[What the exercise asks]:
Using the data below, restate exactly every line from the one with "В программе 1С:Документооборот" up to and including the one with "Men trắng cao". No picture belongs in it.

[Records shown]:
:::

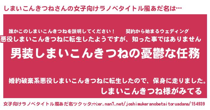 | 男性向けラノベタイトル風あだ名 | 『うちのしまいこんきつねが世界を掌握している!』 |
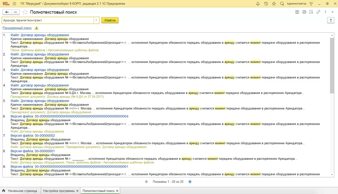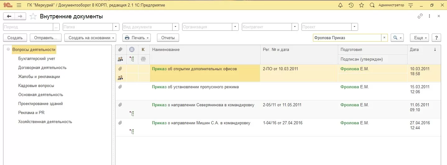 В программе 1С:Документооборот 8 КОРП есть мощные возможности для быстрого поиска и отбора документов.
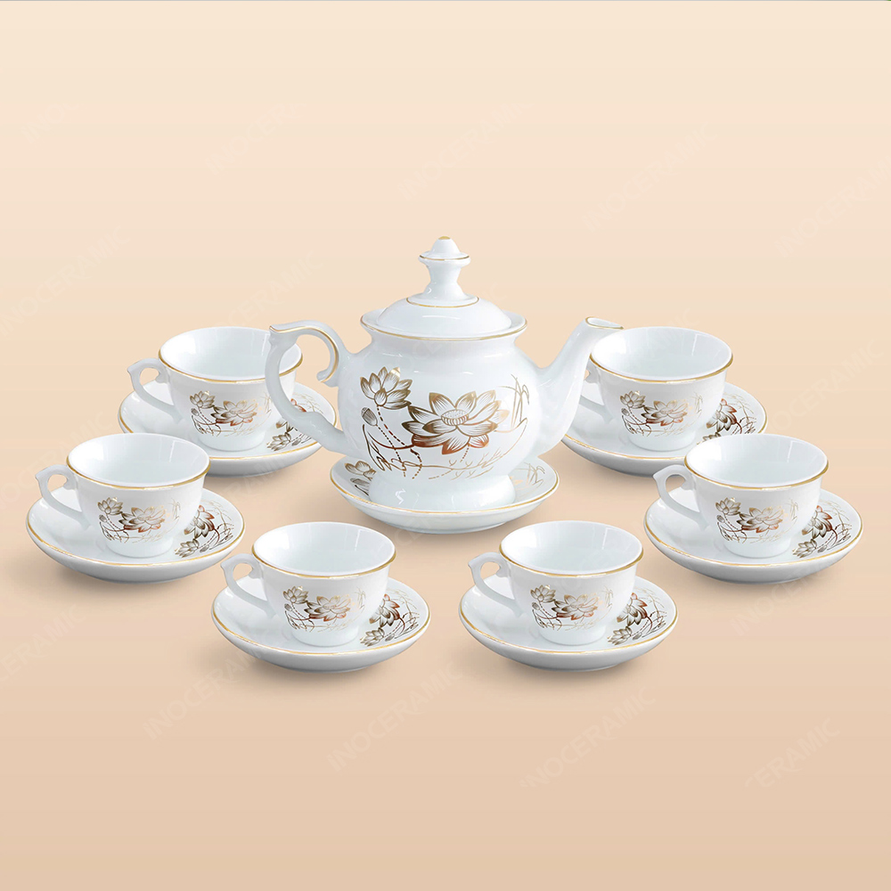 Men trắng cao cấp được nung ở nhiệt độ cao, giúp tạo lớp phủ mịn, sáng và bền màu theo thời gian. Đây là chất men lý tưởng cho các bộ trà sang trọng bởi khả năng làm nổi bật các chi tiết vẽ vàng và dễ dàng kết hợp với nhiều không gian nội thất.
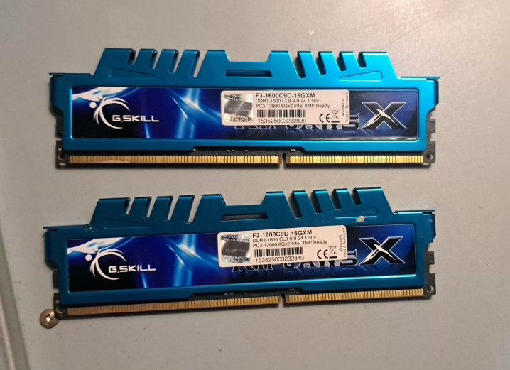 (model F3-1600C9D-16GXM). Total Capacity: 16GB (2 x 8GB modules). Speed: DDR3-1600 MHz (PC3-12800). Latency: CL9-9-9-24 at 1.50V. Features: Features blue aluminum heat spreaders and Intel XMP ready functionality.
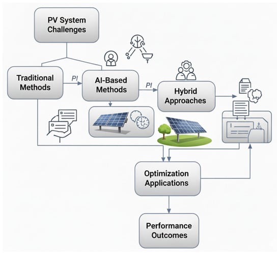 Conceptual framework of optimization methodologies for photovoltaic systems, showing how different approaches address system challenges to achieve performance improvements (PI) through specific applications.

:::

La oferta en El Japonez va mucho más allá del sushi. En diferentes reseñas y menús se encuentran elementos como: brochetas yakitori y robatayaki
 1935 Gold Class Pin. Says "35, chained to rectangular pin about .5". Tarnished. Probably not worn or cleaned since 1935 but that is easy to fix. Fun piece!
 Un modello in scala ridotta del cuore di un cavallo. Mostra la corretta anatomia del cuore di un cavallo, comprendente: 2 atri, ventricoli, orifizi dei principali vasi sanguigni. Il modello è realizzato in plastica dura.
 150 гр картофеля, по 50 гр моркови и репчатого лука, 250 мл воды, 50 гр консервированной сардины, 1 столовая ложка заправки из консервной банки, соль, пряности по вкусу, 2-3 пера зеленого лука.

:::

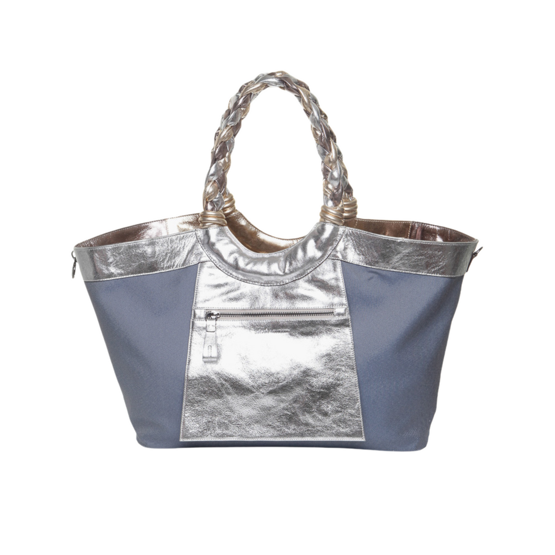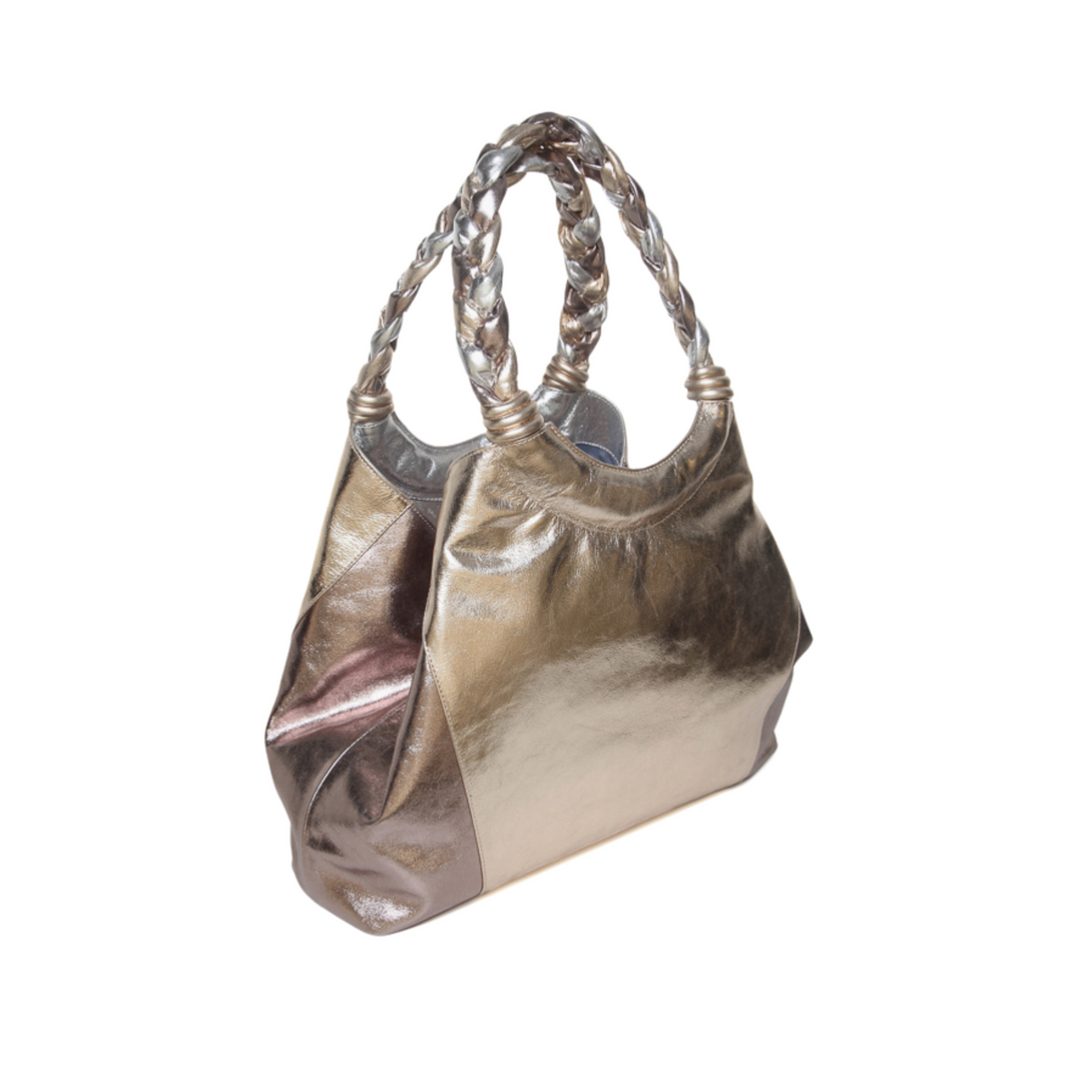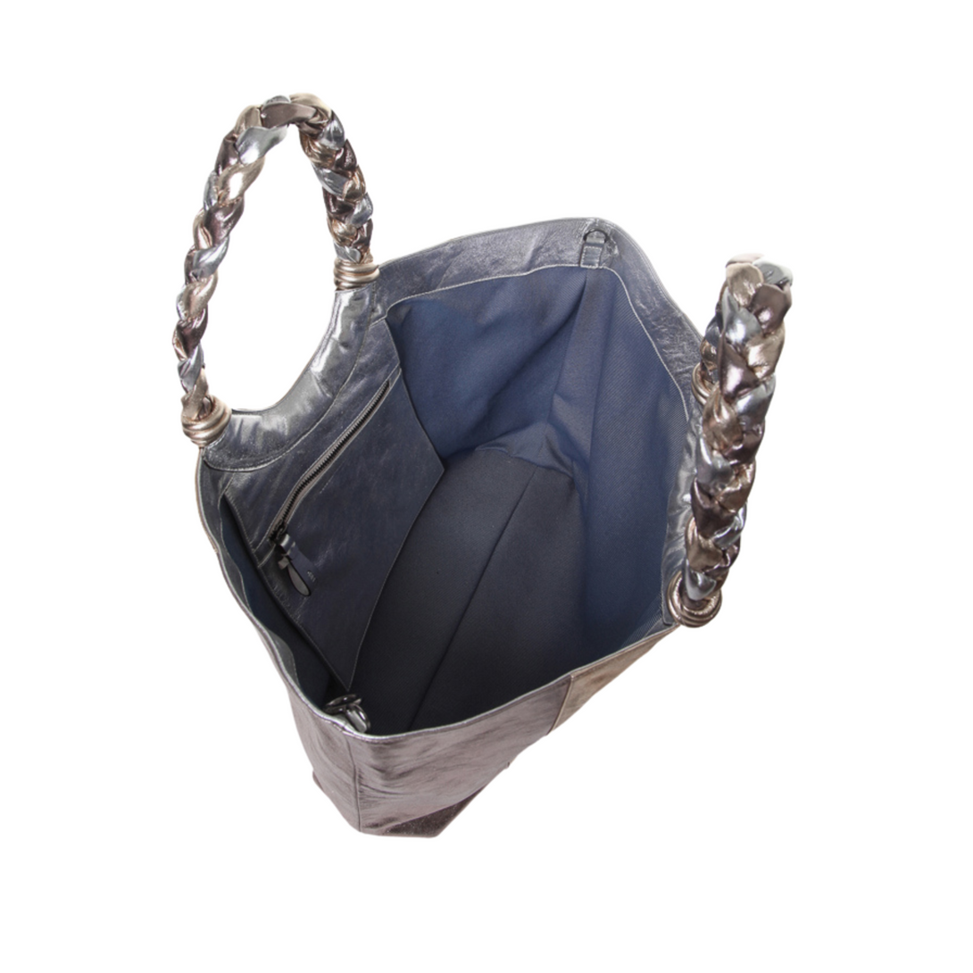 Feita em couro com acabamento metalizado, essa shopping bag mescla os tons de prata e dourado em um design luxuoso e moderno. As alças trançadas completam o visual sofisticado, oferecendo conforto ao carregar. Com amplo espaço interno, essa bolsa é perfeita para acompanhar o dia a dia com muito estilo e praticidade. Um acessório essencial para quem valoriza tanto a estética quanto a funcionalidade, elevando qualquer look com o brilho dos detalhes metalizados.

:::

[Expected output]:
 В программе 1С:Документооборот 8 КОРП есть мощные возможности для быстрого поиска и отбора документов.
 Men trắng cao cấp được nung ở nhiệt độ cao, giúp tạo lớp phủ mịn, sáng và bền màu theo thời gian. Đây là chất men lý tưởng cho các bộ trà sang trọng bởi khả năng làm nổi bật các chi tiết vẽ vàng và dễ dàng kết hợp với nhiều không gian nội thất.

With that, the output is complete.